Empate justo em Dallas
Um primeiro tempo morno, com muito respeito de lado a lado, e o 0 a 0 foi inevitável para Holanda e Japão na abertura do Grupo F, em Dallas.
Mas, na segunda etapa, a partida esquentou. O famoso "pegou no tranco". A Holanda abriu o placar e foi para cima, deixando espaços para os contra-ataques japoneses. E foi assim que saiu o empate: jogada rápida e uma bela finalização de fora da área.
Se o primeiro gol nasceu de um cruzamento para um cabeceio certeiro, o segundo também teve origem pelo alto, mas acabou sobrando no rebote para uma bonita batida de fora da área.

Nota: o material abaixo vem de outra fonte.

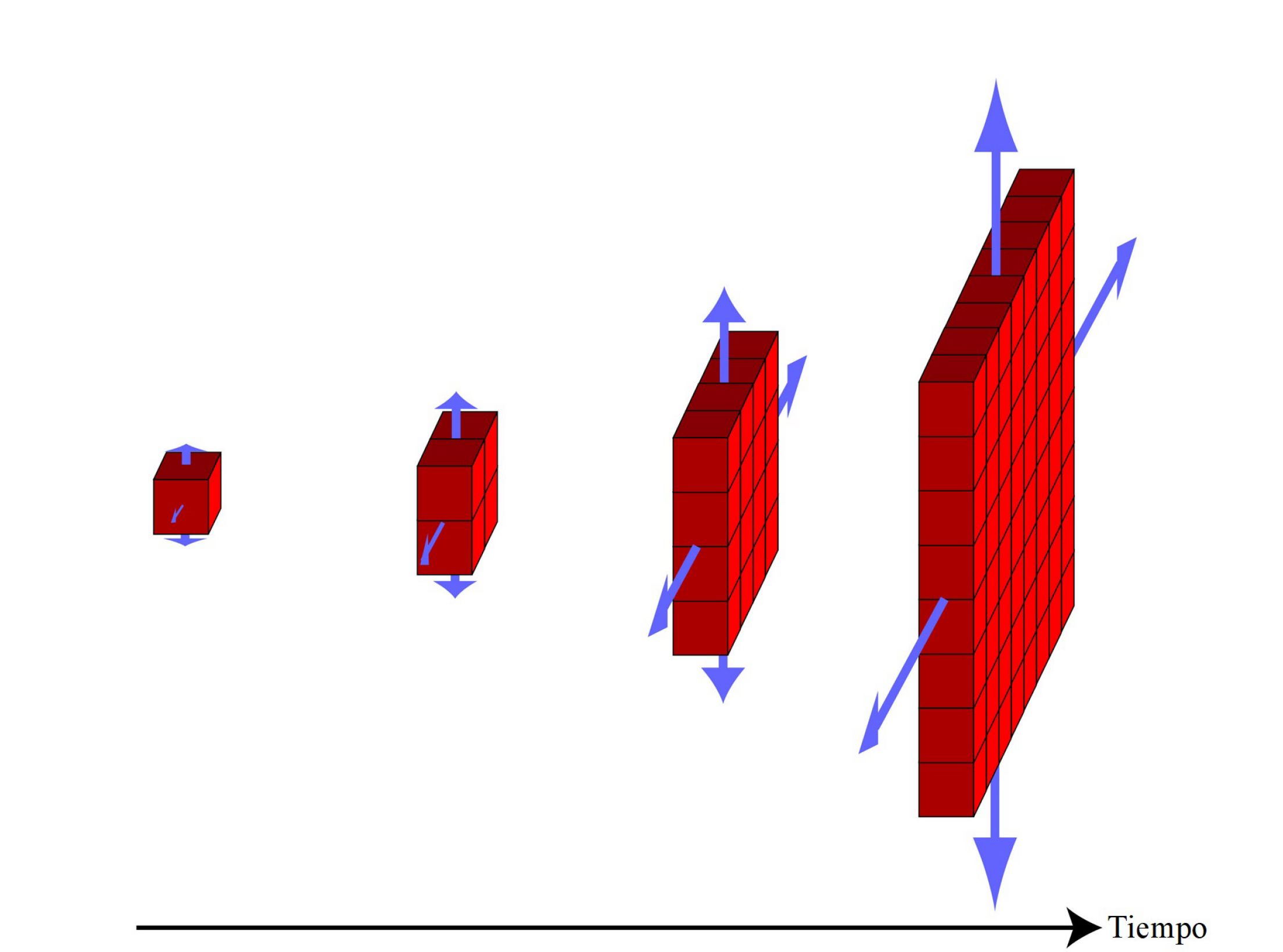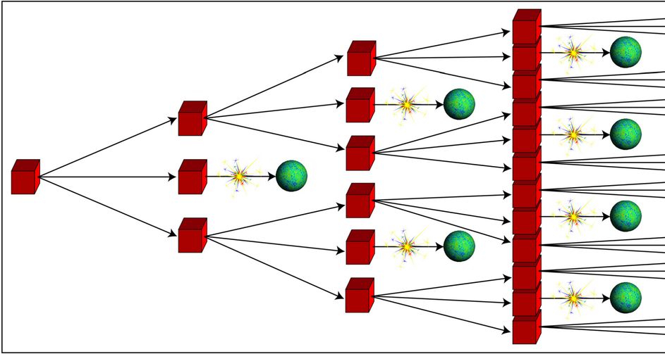Hasta el momento actual, investigadores de todo el orbe han analizado en detalle un conjunto enorme de modelos de inflación, y se ha descubierto que casi todos ellos conducen a la inflación eterna. Aunque la mayoría de esos cálculos son bastante complejos, la ilustración esquemática de la figura capta la esencia de por qué la inflación es eterna en general: para que funcione la inflación en primer lugar, la sustancia inflacionaria debe expandirse más rápidamente de lo que decae, y esto provoca de manera automática que la cantidad total de materia inflacionaria crezca sin límites.

Com 2 a 1 no placar, a Holanda se resguardou e permitiu que o Japão crescesse no jogo. Os dois treinadores mexeram em suas equipes, buscando renovar o fôlego dos times, e os dez minutos finais foram de pressão asiática em busca do empate, enquanto os europeus tentavam administrar a vantagem.

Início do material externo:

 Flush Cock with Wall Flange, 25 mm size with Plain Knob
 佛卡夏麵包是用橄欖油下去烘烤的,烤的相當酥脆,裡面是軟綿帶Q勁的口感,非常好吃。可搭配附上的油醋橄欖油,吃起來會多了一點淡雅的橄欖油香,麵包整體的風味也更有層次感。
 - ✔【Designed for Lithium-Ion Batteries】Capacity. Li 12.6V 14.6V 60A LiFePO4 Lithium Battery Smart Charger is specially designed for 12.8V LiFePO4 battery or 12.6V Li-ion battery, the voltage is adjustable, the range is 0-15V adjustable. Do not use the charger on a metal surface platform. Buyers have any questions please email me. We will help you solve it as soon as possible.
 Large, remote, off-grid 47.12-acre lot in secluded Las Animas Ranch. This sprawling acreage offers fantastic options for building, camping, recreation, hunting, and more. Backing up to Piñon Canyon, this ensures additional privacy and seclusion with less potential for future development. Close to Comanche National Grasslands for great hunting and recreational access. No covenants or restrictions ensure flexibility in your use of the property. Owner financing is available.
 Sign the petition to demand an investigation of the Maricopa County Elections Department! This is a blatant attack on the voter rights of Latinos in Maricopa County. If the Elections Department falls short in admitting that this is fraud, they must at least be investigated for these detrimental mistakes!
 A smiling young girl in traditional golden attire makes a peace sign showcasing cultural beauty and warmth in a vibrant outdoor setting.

Veio então o castigo dos deuses do futebol. Em uma jogada digna de boliche, com a bola batendo em "pinos" — zagueiros e atacantes —, o Japão colocou justiça no placar: 2 a 2.
As duas seleções ainda se lançaram ao ataque em busca do gol da vitória, mas ele não apareceu, nem mesmo após sete minutos de acréscimos. Um empate justo para um jogo que demorou a engrenar, mas terminou com emoção de sobra.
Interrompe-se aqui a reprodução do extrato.